From Mr Ishmael's drafts from September 2015.
A darkie? In the bushes?
I daresay you're right, your worship, I'll fetch your twelve-bore.
And now some Beethoven, an 'oo doesn't like a bit of
Beethoven? Y'know, when I were a little lad, in Barnsley, preparin' fer
me career as a television gardening polymath and novelist, I used to
walk around our garden singin' Beet'oven's 'Allelulia Chorus at the top
of me little lungs, and now, 'ere I am, in the Royal Albert Hall,
sharing what I know with others less educated than what I am.
Good
morning and welcome to Sky Sunrise, with me, Mrs Holmeses wee son,
Eamon, skymadeupnewsandfilth's answer to Alan Titmarsh, the housewives'
favourite gardener - boyish and cheeky and just a wee bit dangerous, in a
Pringle pullover kind of way. Although you won't catch me introducing
the Proms, or crawling up Prince Brian's arse; Eurovision, now, or
Strictly, that's more my style. More wee Alan's, too, if only somebody
had a told the wee man. And with
me this morning, around the news desk, to discuss the big stories that
you care about, are Sally Tits and Jayne Tits. But first, the business
news with our business editor, Imogen Tits, that's after this break.
Make sure and see that yous don't go away, now........
Welcome
back and the big story is that skymadeupnewsandfilth can exclusively
reveal that Jerry or Jeremy as he insists on calling himself Corbyn may
have agreed to be the support act for Madonna. That's right, viewers,
you heard it here first.
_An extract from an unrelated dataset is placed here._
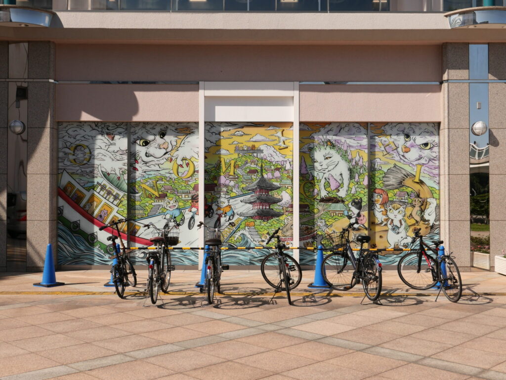 尾道駅前福屋跡地に開設された総合レンタルサイクルスペース「しまなみレンタサイクル」の店舗内から外へ向けてのガラス面にカッティングシートで尾道のフォトスポットとなりえるようなイラストをという依頼のもと、制作。

This is the significant official rumour that
the left-wing, anti-monarchist, terrorist-supporting leader of the
Labour party, who couldn't even - and I had trouble believing this
myself, so I did - who couldn't even be bothered even to mouth the words
of our National Anthem, and this at a memorial service for those who
gave their lives for him, yes, that Jeremy Corbyn, the one who'd give all your pensions to his paymasters in Russia, that Jeremy Corbyn is to open for the geriatric Princess of PornoPop when she appears at London's O2, later this year.
Rebel Heart, Madge's tour is called, so it is, and she
could have told Sky's entertainment correspondent, Rosie Tits, that
since she and JC are both rebels and both in their sixties that it'd be
really cool if they appear together and maybe adopt a baby or two, from,
like Africa or Brazil, wherever.
In other news, British car manufacturers are warning that Corbyn as prime minister could destroy thousands of car industry jobs , with him being a bicyclist and everything.
Yes,
Eamonn, and this just in from the National Federation of Master
Butchers, Slaughtermen and Offal Processors: Corbyn A Menace To British
Way Of Life.
Seems, Eamonn, that butchers and slaughtermen are warning
that while they think it's OK for a number of people to be vegetarian,
those considering it in future should be imprisoned for long periods.
Here's their chairman, It's unBritish, vegetarianism, after all. how
would we have won the war against the Nazis if the British working man
hadna had his Roast Beef'n'Yorkshire for his dinner every day. I mean,
you can't fight a flippin' war on lentils, can you?
That was Morris RedFace, there, of Butchers Against Corbyn.
5 comments:
Sorry about this but I have to ask - how long is that sword and is Madonna swallowing it?
v./
Ouch!
Yes always had a fine eye for twats, did Mr I. Terry Wogan and Esther Rancid were on his list, pleasingly.
Mr Verge: naughty thoughts went through my mind on first reading of your comment.
Mr Mike - then you had my intention precisely (and Madonna's, probably.) A first reading is all that she needs. Hope you & yours are bearing up ok down under.